==== RECORDS FOR THE TASK ====

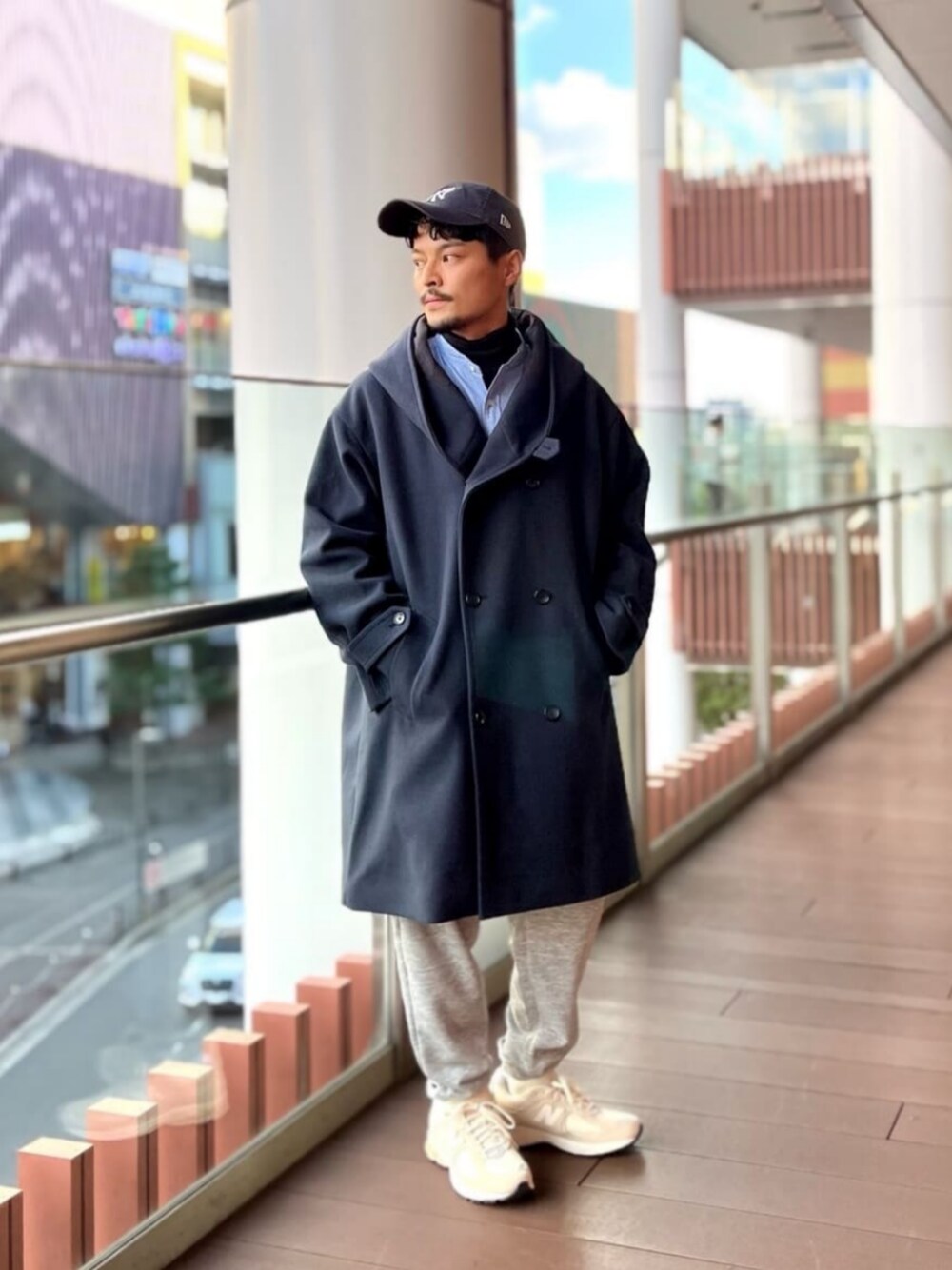 身長:168cm 着こなしによってテイストが様変わりするフードコートをカジュアルなスタイリングで。 スポーツMIXが気分です。
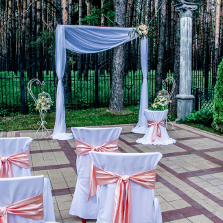 Так же в теплый период на территории Летнего дворика возможно проведения выездной регистрации бракосочетания под сводами греческой колоннады.
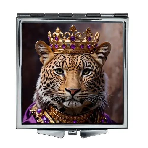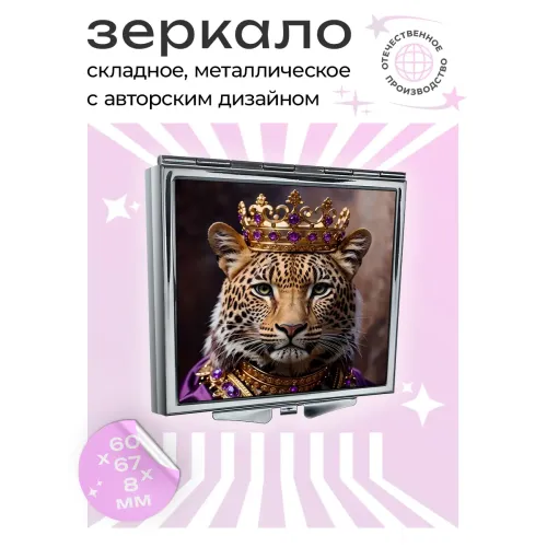 Складное зеркало квадратное Леопард с короной ZER2-0402
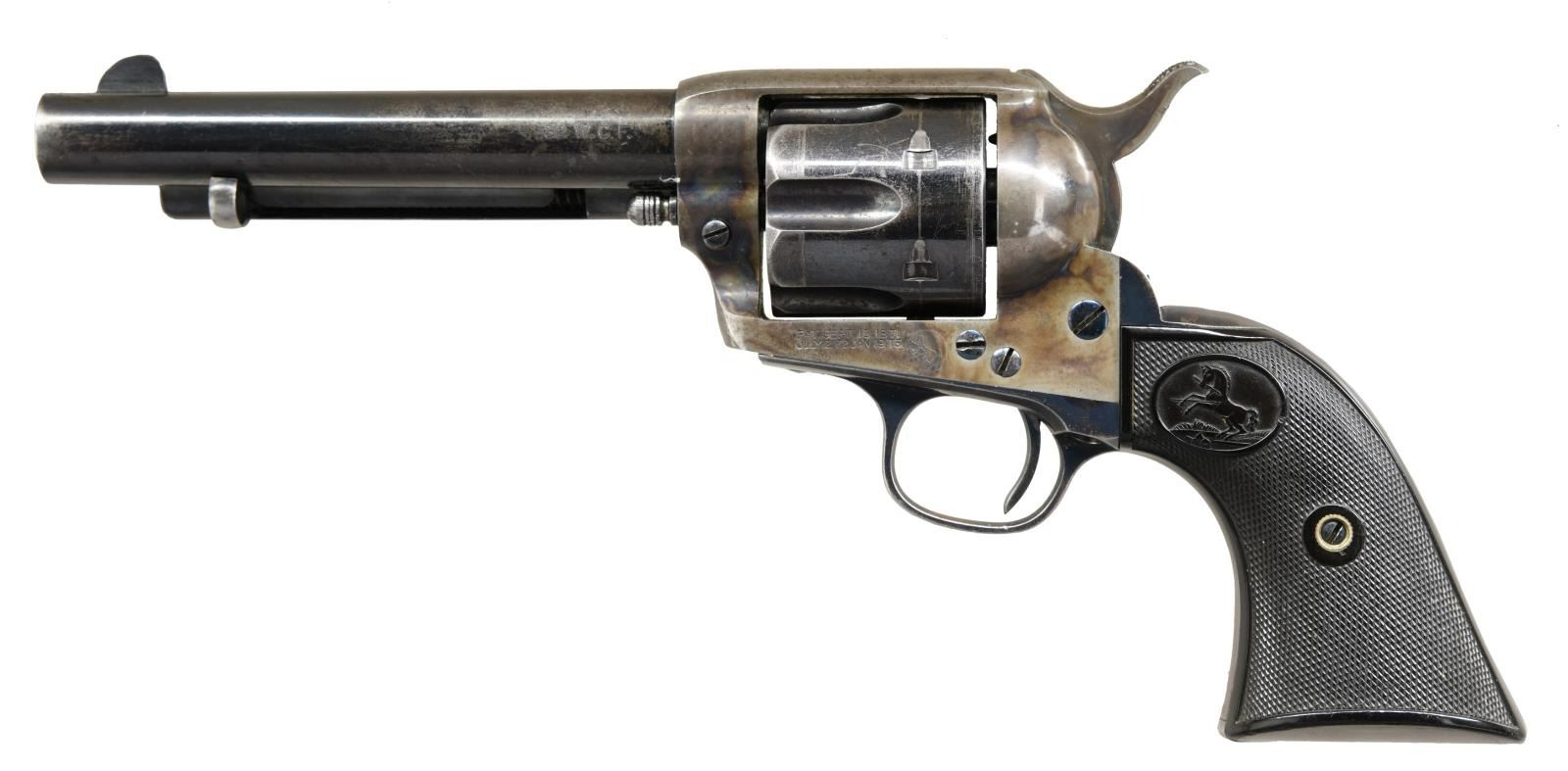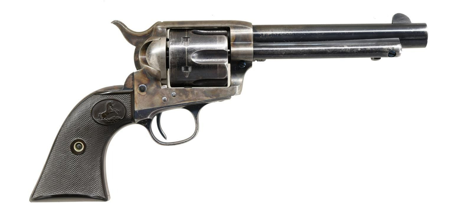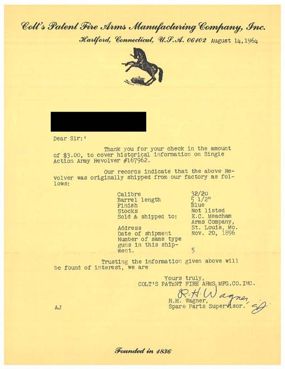 FACTORY LETTER. Cal. 32 WCF. S# 167962. Bbl. 5 1/2". Marked on top "COLT'S PT. F. A. MFG Co HARTFORD CT. U.S.A.". Left side of frame marked w/ 2 line 3 date patent. Case hardened frame & hammer. Blued steel bbl., grip frame & six shot fluted cyl. Fire blued screws & trigger. Black checkered hard rubber grips w/ rampant colt in ovals. UNATTACHED ACCESSORIES: Colt factory letter stating the following "Calibre 32/20 / Barrel length 5 1/2" / Finish Blue / Stocks Not listed / Sold & shipped to E.C. Meacham Arms Company / Address St. Louis, Mo. / Date of shipment Nov. 20, 1896 / Number of same type guns in shipment. 5". CONDITION: grip straps have thinned to gray w/ brown patina. Bbl. & cyl. retain 60% original blue w/ thinning finish, scattered scratches & peppery oxidation. Ejector rod head & corresponding area at underside of bbl. display marrs from improper cyl. rod removal. Frame retains 50% lightly muted case colors; stronger in protected areas w/ scattered peppery oxidation. Mechanically fine. Good bore shows light oxidation w/ strong rifling. (01-24251/BH). ANTIQUE. $3,250-5,500.
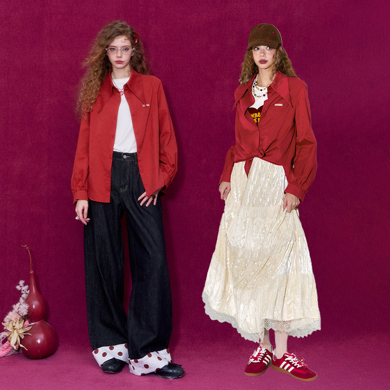 妖精的口袋尖领红色桃皮绒衬衫外套女2026年早春新款甜美百搭上衣

====

TASK REQUIREMENTS — When copying the entries, drop the images and keep every line exact.

SOLUTION FOR THIS TASK —
 身長:168cm 着こなしによってテイストが様変わりするフードコートをカジュアルなスタイリングで。 スポーツMIXが気分です。
 Так же в теплый период на территории Летнего дворика возможно проведения выездной регистрации бракосочетания под сводами греческой колоннады.
 Складное зеркало квадратное Леопард с короной ZER2-0402
 FACTORY LETTER. Cal. 32 WCF. S# 167962. Bbl. 5 1/2". Marked on top "COLT'S PT. F. A. MFG Co HARTFORD CT. U.S.A.". Left side of frame marked w/ 2 line 3 date patent. Case hardened frame & hammer. Blued steel bbl., grip frame & six shot fluted cyl. Fire blued screws & trigger. Black checkered hard rubber grips w/ rampant colt in ovals. UNATTACHED ACCESSORIES: Colt factory letter stating the following "Calibre 32/20 / Barrel length 5 1/2" / Finish Blue / Stocks Not listed / Sold & shipped to E.C. Meacham Arms Company / Address St. Louis, Mo. / Date of shipment Nov. 20, 1896 / Number of same type guns in shipment. 5". CONDITION: grip straps have thinned to gray w/ brown patina. Bbl. & cyl. retain 60% original blue w/ thinning finish, scattered scratches & peppery oxidation. Ejector rod head & corresponding area at underside of bbl. display marrs from improper cyl. rod removal. Frame retains 50% lightly muted case colors; stronger in protected areas w/ scattered peppery oxidation. Mechanically fine. Good bore shows light oxidation w/ strong rifling. (01-24251/BH). ANTIQUE. $3,250-5,500.
 妖精的口袋尖领红色桃皮绒衬衫外套女2026年早春新款甜美百搭上衣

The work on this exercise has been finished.